BEGIN RAW DATA
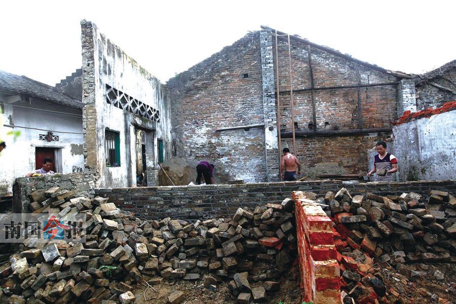 古镇居民正在用老砖对已经残破的老屋进行维修。(摄影:张存立)
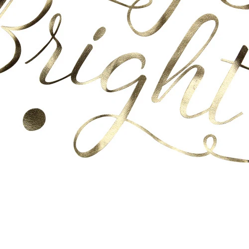 - Features a gold Merry and Bright cursive print
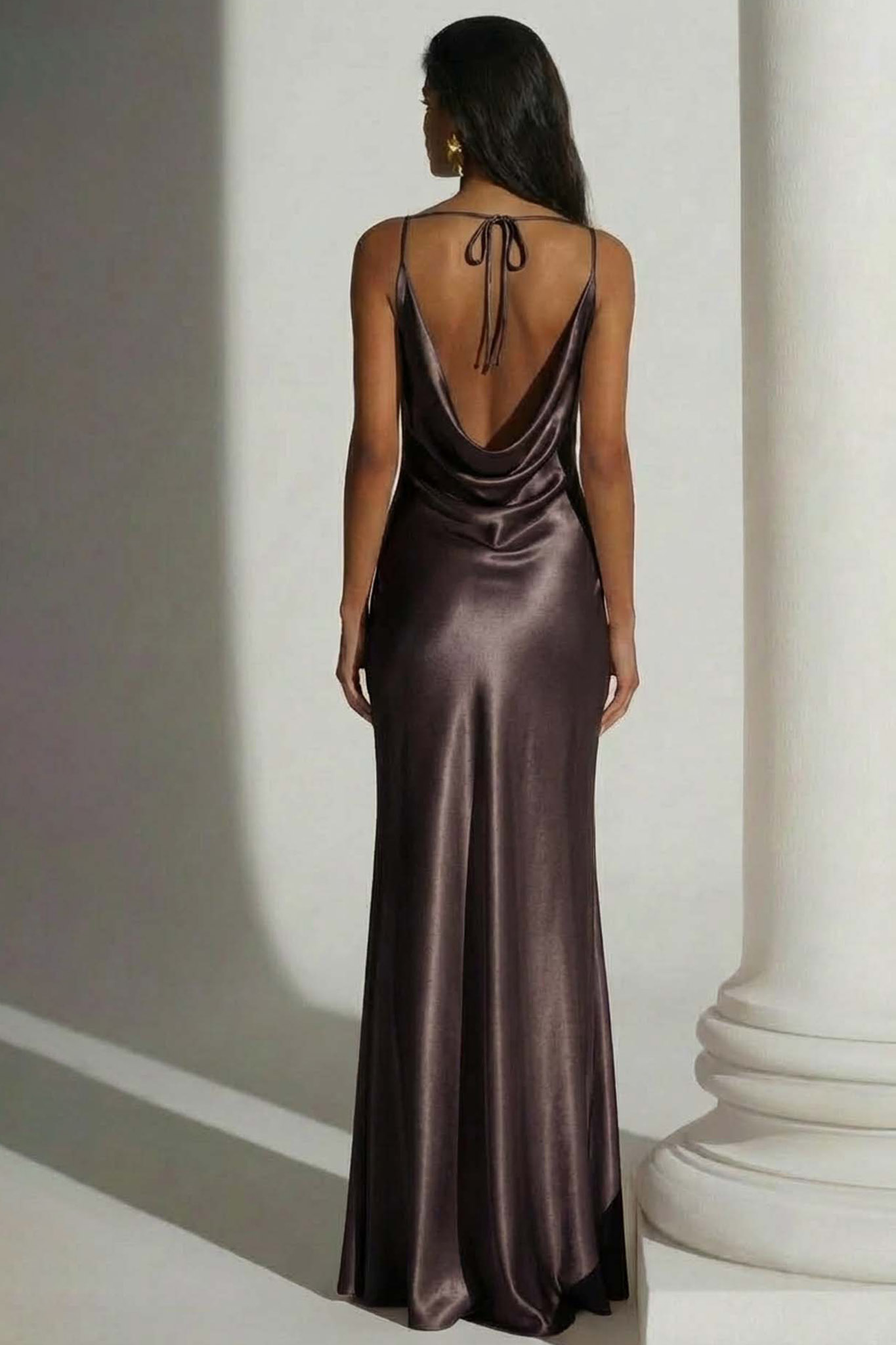 Αναδείξτε την κομψότητα και τη θηλυκότητά σας με αυτό το εντυπωσιακό φόρεμα slip. Από λείο, σατέν ύφασμα που αγκαλιάζει απαλά τη σιλουέτα, διαθέτει κομψό κολάρο cowl (ντραπέ) και λεπτές τιράντες. Το μακρύ μήκος του προσδίδει μια αίσθηση πολυτέλειας, ιδανικό για επίσημες εκδηλώσεις, κοκτέιλ πάρτι ή βραδινές εξόδους.
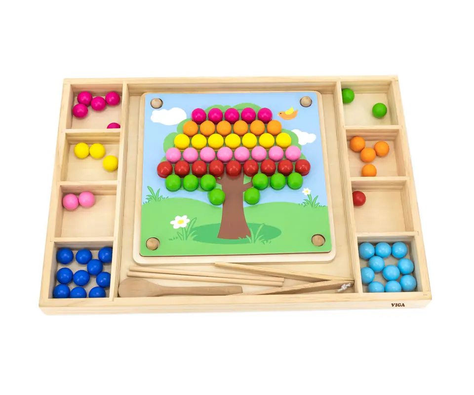 Przedstawiamy drewnianą zabawkę marki VIGA – kreatywną grę/układankę.Zabawka rozwija umiejętności koordynacji ręka-oko, koncentracji, pamięci i spostrzegawczości u dzieci. Zapewnia wiele radości i rozrywki.Składa się z drewnianego pudełka/bazy z przegródkami, kolorowych kulek, 8 plansz/obrazków z otworami oraz zestawu przyborów (pałeczki, łyżka) do ich układania. Zachęca do eksploracji i odkrywania różnych sposobów dopasowywania elementów. Można tworzyć kulkowe kompozycje zgodnie ze wzorem na kolorowych planszach lub własne pomysły.Całość wykonana została z drewna bukowego i pomalowana nietoksycznymi farbami, które przyciągną wzrok oraz zachęcą do zabawy dając jednocześnie mnóstwo radości. Farby są w 100% bezpieczne, spełniają normy bezpieczeństwa EN71 i ASTM.Gra zapakowana jest w kolorowy karton, w sam raz na prezent.Zabawka przeznaczona dla maluchów powyżej 36. miesiąca życia. Cała seria zabawek VIGA została stworzona, aby sprostać oczekiwaniom rodziców i dzieci w doskonaleniu procesu ich rozwoju poprzez zabawę.Wymiar produktu:Dł. 398mm x wys. 30mm x szer. 269mmWymiary opakowania:Dł. 400mm x wys. 30mm x szer. 277mmWaga brutto: 1,2 kgOpisy
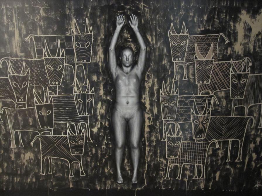 In 2011 I moved to Luanda, Angola and since moving to Sub-Saharan Africa I have been motivated by the symbolic resonance of the CT dataset, signifying privilege both in terms of wealth and access to digital technology. I returned to the images of Melanix that radiology software first offered: a scanned body floating in a black vacuum, a weightless void ripe for dreams, nightmares, superstitions, suspicions, myths and rumours which I was able to bleach and paint into the black. In CONFUSAO the anonymised scanned body acts as an avatar performing/presenting/embodying the thoughts and ideas that haunt me.
END RAW DATA
* **PROBLEM DETAILS**: All of the material above needs to be restated exactly, with no pictures.

* **TASK RESPONSE**:
 古镇居民正在用老砖对已经残破的老屋进行维修。(摄影:张存立)
 - Features a gold Merry and Bright cursive print
 Αναδείξτε την κομψότητα και τη θηλυκότητά σας με αυτό το εντυπωσιακό φόρεμα slip. Από λείο, σατέν ύφασμα που αγκαλιάζει απαλά τη σιλουέτα, διαθέτει κομψό κολάρο cowl (ντραπέ) και λεπτές τιράντες. Το μακρύ μήκος του προσδίδει μια αίσθηση πολυτέλειας, ιδανικό για επίσημες εκδηλώσεις, κοκτέιλ πάρτι ή βραδινές εξόδους.
 Przedstawiamy drewnianą zabawkę marki VIGA – kreatywną grę/układankę.Zabawka rozwija umiejętności koordynacji ręka-oko, koncentracji, pamięci i spostrzegawczości u dzieci. Zapewnia wiele radości i rozrywki.Składa się z drewnianego pudełka/bazy z przegródkami, kolorowych kulek, 8 plansz/obrazków z otworami oraz zestawu przyborów (pałeczki, łyżka) do ich układania. Zachęca do eksploracji i odkrywania różnych sposobów dopasowywania elementów. Można tworzyć kulkowe kompozycje zgodnie ze wzorem na kolorowych planszach lub własne pomysły.Całość wykonana została z drewna bukowego i pomalowana nietoksycznymi farbami, które przyciągną wzrok oraz zachęcą do zabawy dając jednocześnie mnóstwo radości. Farby są w 100% bezpieczne, spełniają normy bezpieczeństwa EN71 i ASTM.Gra zapakowana jest w kolorowy karton, w sam raz na prezent.Zabawka przeznaczona dla maluchów powyżej 36. miesiąca życia. Cała seria zabawek VIGA została stworzona, aby sprostać oczekiwaniom rodziców i dzieci w doskonaleniu procesu ich rozwoju poprzez zabawę.Wymiar produktu:Dł. 398mm x wys. 30mm x szer. 269mmWymiary opakowania:Dł. 400mm x wys. 30mm x szer. 277mmWaga brutto: 1,2 kgOpisy
 In 2011 I moved to Luanda, Angola and since moving to Sub-Saharan Africa I have been motivated by the symbolic resonance of the CT dataset, signifying privilege both in terms of wealth and access to digital technology. I returned to the images of Melanix that radiology software first offered: a scanned body floating in a black vacuum, a weightless void ripe for dreams, nightmares, superstitions, suspicions, myths and rumours which I was able to bleach and paint into the black. In CONFUSAO the anonymised scanned body acts as an avatar performing/presenting/embodying the thoughts and ideas that haunt me.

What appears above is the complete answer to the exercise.